Google Launches Maps Engine API To Allow Enterprise Developers To More Easily Create, Share And Publish Custom Maps

Google’s Maps Engine, its enterprise-focused service for developers who need to be able to create their own maps based on custom data, launched about two years ago and has been available commercially since last year. Today, Google is adding more functionality to the platform by launching an API for Maps Engine that allows developers to take their custom data, import it into Maps Engine and then use it in their own applications. The idea here, Google tells me, is to let organizations use Google’s fast mapping cloud infrastructure to layer their data on top of Google Maps and share them with their employees and customers.

You may be thinking that Google already has a Maps API, but as Dylan Lorimer, Google’s product manager for the Maps Engine API, told me, the regular Maps API mostly focuses on giving developers access to Google’s own mapping content.
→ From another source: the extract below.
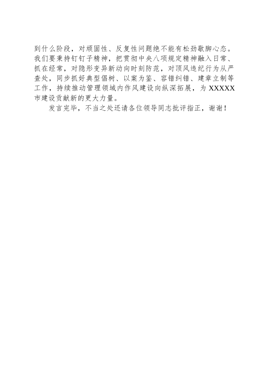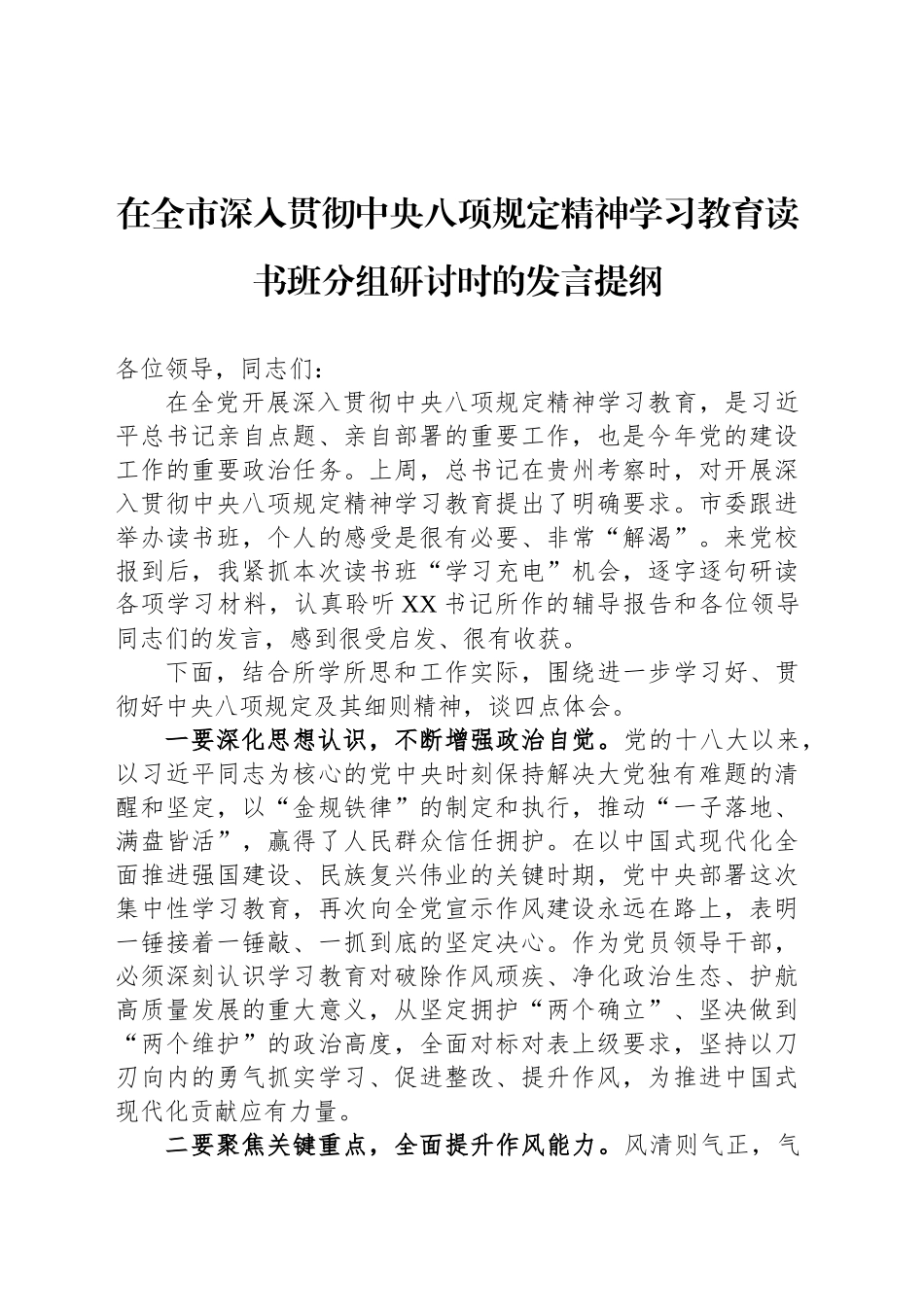 在全市深入贯彻xxx精神学习教育读书班分组研讨时的发言提纲各位领导,同志们:在全党开展深入贯彻xxx精神学习教育,是习近平总书记亲自点题、亲自部署的重要工作,也是今年党的建设工作的重要政治任务。上周,总书记在贵州考察时,对开展深入贯彻xxx精神学习教育提出了明确要求。市委跟进举办读书班,个人的感受是很有必要、非常“解渴”。来党校报到后,我紧抓本次读书班“学习充电”机会,逐字逐句研读各项学习材料,认真聆听XX书记所作的辅导报告和各位领导同志们的发言,感到很受启发、很有收获。下面,结合所学所思和工作实际,围绕进一步学习好、贯彻好xxx及其细则精神,谈四点体会。一要深化思想认识,不断增强政治自觉。党的十八大以来,以习近平同志为核心的党中央时刻保持解决大党独有难题的清醒和坚定,以“金规铁律”的制定和执行,推动“一子落地、满盘皆活”,赢得了人民群众信任拥护。在以中国式现代化全面推进强国建设、民族复兴伟业的关键时期,党中央部署这次集中性学习教育,再次向全党宣示作风建设永远在路上,表明一锤接着一锤敲、一抓到底的坚定决心。作为党员领导干部,必须深刻认识学习教育对破除作风顽疾、净化政治生态、护航高质量发展的重大意义,从坚定拥护“两个确立”、坚决做到“两个维护”的政治高度,全面对标对表上级要求,坚持以刀刃向内的勇气抓实学习、促进整改、提升作风,为推进中国式现代化贡献应有力量。二要聚焦关键重点,全面提升作风能力。风清则气正,气正则心齐,心齐则事成。在进一步全面深化改革的重要一年开展学习教育,一个重要着眼点就是教育引导党员干部拿出优良作风,坚持干字当头、争创业绩。到任XX区后,总的感受是干部队伍作风能力较强,但局部领域也存“四风”未清的问题,一定程度上影响了“XXXX第一区”建设的质量效益。今年,XX书记提出“XXXX年”工作主线,全区学习教育也已正式启动。下步,将始终把xxx精神作为铁规矩、硬杠杠,将作风建设的着力点嵌入“XXXX年”全链条,一体推进学查改各项工作,大力倡树创业奋斗之风、实干实战之风、清正廉洁之风,夯实“不打糊涂账、不搞花架子、不当太平官”思想根基,为全区干事创业营造好风清气正的政治生态和有力作风保障。三要注重以上率下,坚定做好示范引领。xxx颁布12年来,正是以习近平同志为核心的党中央为全党作出表率示范,带头严格执行八项规定,让全党全国人民看到了党中央锲而不舍抓作风建设的坚强决心,继而更为坚定团结奋斗的信心、开创了新时代的一个又一个胜利。从实践看,党员领导干部作为“关键少数”,“头雁效应”能否充分发挥,决定了作风建设责任链条能否彻底拧紧压实。在这面,我们绝不能“挂图不作战、挂帅不出征”,必须坚决扛起全面从严治党“第一责任人”职责,首要确保自身学有质量、查有力度、改有成效,进一步教育引导“责任田”内党员干部在思想上划出红线、在行动上明确界限,以优良作风推动各项工作高质量发展。四要突出常态长效,持续推动固本培元。习近平总书记强调,xxx堤坝是好不容易筑起的,一定要倍加珍惜,不断巡堤检修。总的看,通过坚持不懈抓、久久为功治,全国各行业领域的享乐主义、奢靡之风已经得到有力遏制,形式主义、官僚主义也已得到重点整治,xxx已经成为党员干部的行动自觉。但是我们也要清醒认识到,作风建设永远在路上,党和人民事业发展到什么阶段,党的作风建设就要推进到什么阶段,对顽固性、反复性问题绝不能有松劲歇脚心态。我们要秉持钉钉子精神,把贯彻xxx精神融入日常、抓在经常,对隐形变异新动向时刻防范,对顶风违纪行为从严查处,同步抓好典型倡树、以案为鉴、容错纠错、建章立制等工作,持续推动管理领域内作风建设向纵深拓展,为XXXXX市建设贡献新的更大力量。发言完毕,不当之处还请各位领导同志批评指正,谢谢!公文范文文库网站①【公文堂】:www.gongwentang.com公文范文文库网站②【公文堂】:www.gongwentang.com请各位用户务必收藏好以上两个网站,收藏好网址,终身可访问或下载全站公文范文客服微信:gongw...

The Maps Engine API is meant to handle developers’ own data. The whole system, by the way, runs on Spanner, Google’s distributed global database.

The API, which was previously considered “experimental,” allows enterprise developers to easily upload, read and modify their data programmatically. Thanks to this new API, Lorimer noted, developers can now create maps and customized applications that align with their brands and also expose their data to any developer they designate.

FedEx, for example, has been testing the API for a while now, and part of its store locator is already powered by it today. As FedEx IT manager Pat Doyle told me, the company has been using Maps Engine to power its store locator since January, after it decided to completely rearchitect its system to use Google’s services.

The company worked closely with Google on this and some of its ideas flowed into the Maps Engine API, including, for example, an easier way to do server-side sorting for results around a specific location. Using the API, FedEx currently updates its store hours for its more than 50,000 retail touch points, including its drop boxes and stores, every 15 minutes (each store currently has about 150 data points attached to it), so if a power outage or natural disaster closes a store, that will be reflected on the site within minutes.

As Doyle noted, the system has been 100 percent reliable so far, and the company’s analytics show that more of its users now find what they are looking for when they use the store locator. You can also see a bit more about how FedEx did this in this video.

The API currently only supports a somewhat limited slice of Maps Engines’ features, which also include basic spacial queries and manipulating vector data, but the team plans to expand the API quite a bit in the near future. Lorimer also stressed when I talked to him that Google has always been interested in bringing features like this to the larger developer community — that is, those without a pricey enterprise Maps Engine account. Google has nothing to announce about this right now, but it’s safe to assume that we will hear more about this API in the future.